The next three questions ask you to give a careful argument that the procedure \(\text{HOARE-PARTITION}\) is correct. Assuming that the subarray \(A[p..r]\) contains at least two elements, prove the following:

b. The indices \(i\) and \(j\) are such that we never access an element of \(A\) outside the subarray \(A[p..r]\).

c. When \(\text{HOARE-PARTITION}\) terminates, it returns a value \(j\) such that \(p \le j < r\).

d.

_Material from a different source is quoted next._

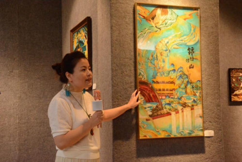 指导老师刘莉莉老师对此次展览做总结点评。她认为,一幅掐丝珐琅画是从绘稿、掐丝、调沙、点蓝等数道手工工序制作而成,经过特有的工艺,精心制作出各种风格的作品,每个线条都是作品的灵魂生命,承载着匠心精神。

Every element of \(A[p..j]\) is less than or equal to every element of \(A[j + 1..r]\) when \(\text{HOARE-PARTITION}\) terminates.

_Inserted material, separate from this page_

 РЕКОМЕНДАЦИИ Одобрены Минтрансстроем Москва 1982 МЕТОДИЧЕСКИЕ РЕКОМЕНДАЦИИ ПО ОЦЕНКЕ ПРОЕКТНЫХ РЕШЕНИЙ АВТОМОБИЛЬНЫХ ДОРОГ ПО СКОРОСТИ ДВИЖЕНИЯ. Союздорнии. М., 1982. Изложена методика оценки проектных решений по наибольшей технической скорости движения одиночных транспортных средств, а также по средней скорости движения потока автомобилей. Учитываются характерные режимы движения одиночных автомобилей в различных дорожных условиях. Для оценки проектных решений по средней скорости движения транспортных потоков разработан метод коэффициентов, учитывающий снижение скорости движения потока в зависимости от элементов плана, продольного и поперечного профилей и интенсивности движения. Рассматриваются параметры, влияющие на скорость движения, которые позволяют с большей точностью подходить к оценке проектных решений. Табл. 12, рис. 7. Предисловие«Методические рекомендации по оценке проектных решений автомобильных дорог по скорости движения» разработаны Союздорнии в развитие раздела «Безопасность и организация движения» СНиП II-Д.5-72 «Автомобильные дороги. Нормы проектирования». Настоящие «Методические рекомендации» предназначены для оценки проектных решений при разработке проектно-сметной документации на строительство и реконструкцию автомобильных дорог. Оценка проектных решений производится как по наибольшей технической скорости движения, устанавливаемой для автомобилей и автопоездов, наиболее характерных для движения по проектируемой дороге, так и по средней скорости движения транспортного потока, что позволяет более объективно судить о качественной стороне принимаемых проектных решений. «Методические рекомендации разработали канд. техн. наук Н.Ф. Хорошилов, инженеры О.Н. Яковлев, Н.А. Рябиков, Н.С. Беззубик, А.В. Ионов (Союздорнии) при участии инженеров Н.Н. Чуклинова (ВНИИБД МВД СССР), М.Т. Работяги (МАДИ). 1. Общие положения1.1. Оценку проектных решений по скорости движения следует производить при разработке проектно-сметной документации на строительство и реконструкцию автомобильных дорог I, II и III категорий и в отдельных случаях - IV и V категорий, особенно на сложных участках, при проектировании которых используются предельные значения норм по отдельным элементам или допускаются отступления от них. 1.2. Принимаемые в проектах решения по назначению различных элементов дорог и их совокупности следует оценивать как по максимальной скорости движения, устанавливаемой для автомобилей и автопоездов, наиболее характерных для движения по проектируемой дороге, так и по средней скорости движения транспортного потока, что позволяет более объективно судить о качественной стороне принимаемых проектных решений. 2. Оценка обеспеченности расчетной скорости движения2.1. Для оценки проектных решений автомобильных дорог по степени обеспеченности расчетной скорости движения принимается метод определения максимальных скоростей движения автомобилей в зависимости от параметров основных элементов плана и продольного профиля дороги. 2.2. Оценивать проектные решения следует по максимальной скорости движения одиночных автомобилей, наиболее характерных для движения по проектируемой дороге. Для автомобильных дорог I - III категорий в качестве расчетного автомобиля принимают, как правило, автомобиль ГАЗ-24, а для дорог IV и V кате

The \(\text{PARTITION}\) procedure in section 7.1 separates the pivot value (originally in \(A[r]\)) from the two partitions it forms. The \(\text{HOARE-PARTITION}\) procedure, on the other hand, always places the pivot value (originally in \(A[p]\)) into one of the two parititions \(A[p..j]\) and \(A[j + 1..r]\). Since \(p \le j < r\), this split is always nontrivial.

e. Rewrite the \(\text{QUICKSORT}\) procedure to use \(\text{HOARE-PARTITION}\).

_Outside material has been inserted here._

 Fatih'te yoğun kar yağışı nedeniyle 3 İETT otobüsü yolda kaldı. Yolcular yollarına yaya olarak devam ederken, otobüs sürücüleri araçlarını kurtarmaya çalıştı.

a. After the end of the loop, the variables have the following values: \(x = 13\), \(j = 9\) and \(i = 10\).

b. Because when \(\text{HOARE-PARTITION}\) is running, \(p \le i < j \le r\) will always hold, \(i\), \(j\) won't access any element of \(A\) outside the subarray \(A[p..r]\).

c. When \(i \ge j\), \(\text{HOARE-PARTITION}\) terminates, so \(p \le j < r\).

d. When \(\text{HOARE-PARTITION}\) terminates, \(A[p..j] \le x \le A[j + 1..r]\).

e.

C++
HOARE-QUICKSORT(A, p, r)
    if p < r
        q = HOARE-PARTITION(A, p, r)
        HOARE-QUICKSORT(A, p, q)
        HOARE-QUICKSORT(A, q + 1, r)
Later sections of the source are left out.